He didn't remember when it had gotten like this.

He really hadn't been expecting it, to meet someone as he sat on his stoop in frustration day after slowly painful day. The damn guitar was defeating him, but he was determined; if only to show up that stupid Dane. "Couldn't play a song to save your life!" Daniel had mocked, idly strumming a few chords on his bass. "You need to have talent to play an instrument."

Well, he wasn't having any of that.

Skuli's hands were blistered from practice, from the rough strings against his fingers, but still he forged onwards. He earned himself a sunburn from the long hours on his front porch, and he earned himself a reputation as a horrid guitarist amongst the neighbours. The Icelander had never been one to care much for reputation, though, at least not amongst strangers - and so still he persevered.

It had been the last day of summer - or had it been the first? Not that it particularly mattered - When he first strolled past. Skuli was instantly suspicious of him, this too-happy too-calm... thing. It went against everything he knew. Maybe he was jealous, sure - jealous of this stranger's self-confidence. Walking around town looking like a patchwork doll - had he no shame?

Clearly not, because the first words out his mouth as he approached the silver-haired teen were "You've got the right idea, but your hands are all wrong."

"They are not," Skuli had snapped back, although it was mostly a response of defiance and he immediately regretted it. This wasn't Nor - he had no reason to push him away like that.

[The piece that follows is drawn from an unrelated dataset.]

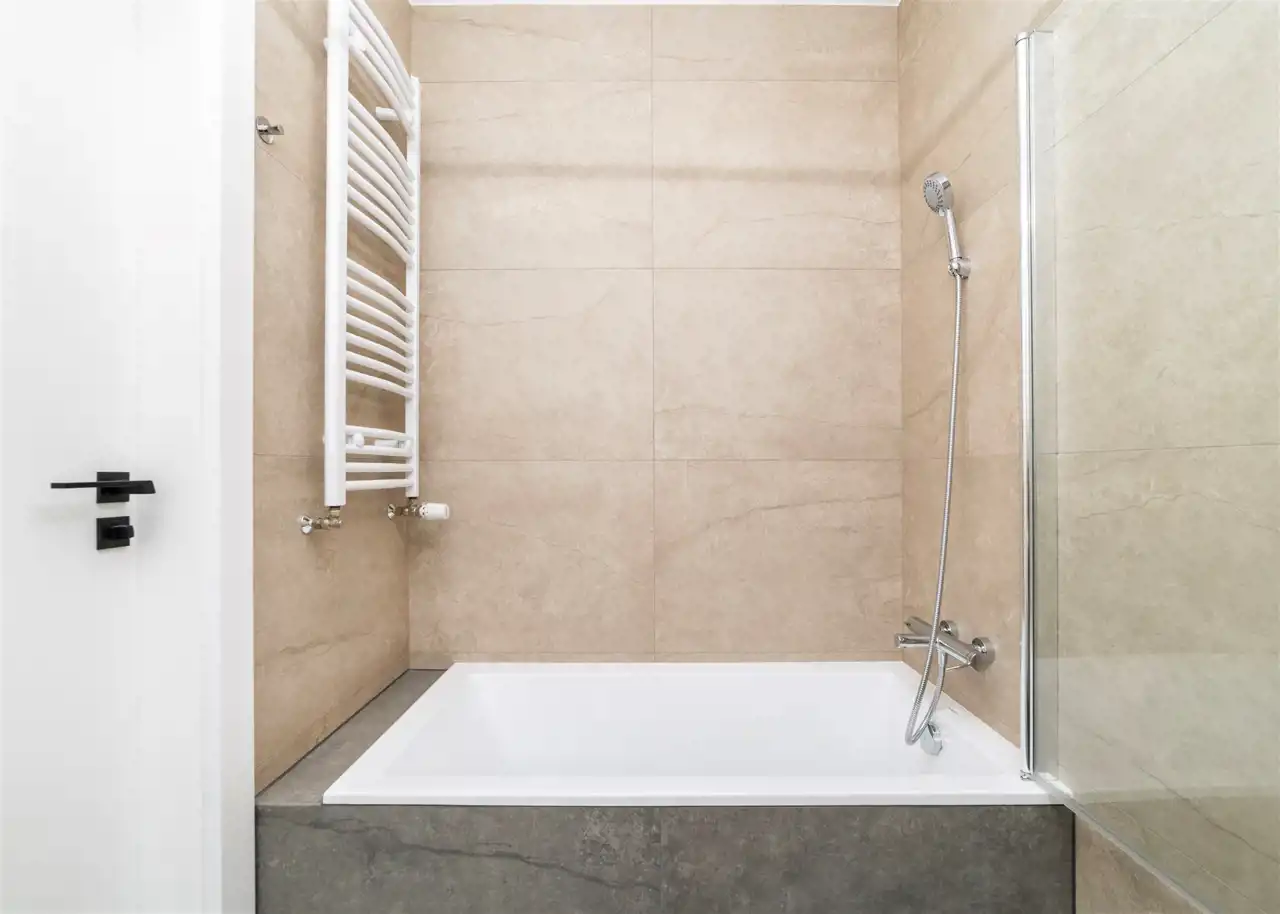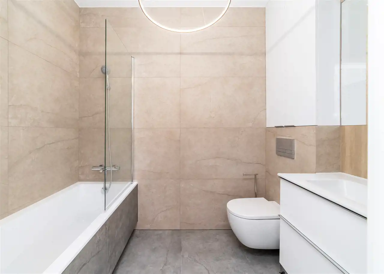 - łazienka z WC wyposażona w wannę z funkcją prysznica i umywalkę.

"Uhm..." An awkward pause; and the man's eyebrows rose in quiet thought - and then he reached for the teen's hands and, finding no resistance, he carefully repositioned them, adjusting a finger there or an angle there.

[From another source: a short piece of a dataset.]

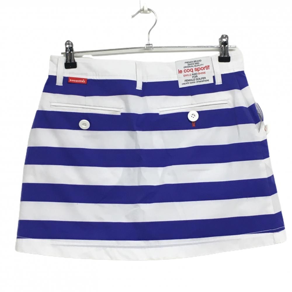 ルコックゴルフ スカート 白×パープルネイビー ボーダー 内側インナーパンツ レディース 11 ゴルフウェア le coq sportif

And then he left, like some sort of ghost. He didn't expect to see him again, but it wasn't a week later when the man went past again. He was almost unrecognizable; this time he had on a hat and what looked like a shirt that was no less than three hundred years old. One could never be sure; maybe it had been purchased and then never worn, gathering dust in the back of some closet somewhere.

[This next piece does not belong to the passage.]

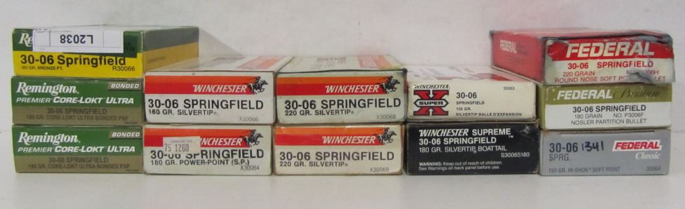 TWO BOXES OF REMINGTON PREMIER CORE-LOKT ULTRA 30-06 SPRG 180GR, ONE BOX OF REMINGTON HIGH-VELOCITY 30-06SPRG 180GR BRONZE POINT, TWO BOXES OF WINCHESTER SUPER-X 30-06SPRG 220GR SILVERTIP, TWO BOXES OF WINCHESTER SUPER-X 30-06SPRG 180GR SILVERTIP, ONE BOX OF WINCHESTER SUPER-X 30-06SPRG 150GR SILVERTIP, ONE BOX OF WINCHESTER SUPREME 30-06SPRG 180GR SILVERTIP BOATTAIL, ONE BOX OF FEDERAL CLASSIC 30-06SPRG 150GR HI-SHOK SOFT POINT, ONE BOX OF FEDERAL PREMIUM 30-06SPRG 180GR NOSLER PARTITON BULLET, ONE BOX OF FEDERAL 30-06SPRG 220GR ROUND NOSE SOFT POINT.

"No, no, like this!" And he would smile and reach across, correcting the teenager's hands with gentle, feather-light touches. Skuli would harrumph and protest but never once did he remove them. It went on like this through the summer, the icy-haired teen practicing on the front stoop and the ghost-man showing up whenever it seemed like he was about to smash the instrument against the nearest pedestrian.

And so went the summer of the guitar. It wasn't until years later, at a concert, that Skuli finally realized who had taught him to play all those years ago; and then he was shocked, so shocked, in fact, that he couldn't quite bring himself to believe it. To Skuli, the man would remain a mystery, the simple homeless-looking man that taught him with all the calm and patience of a lesser god.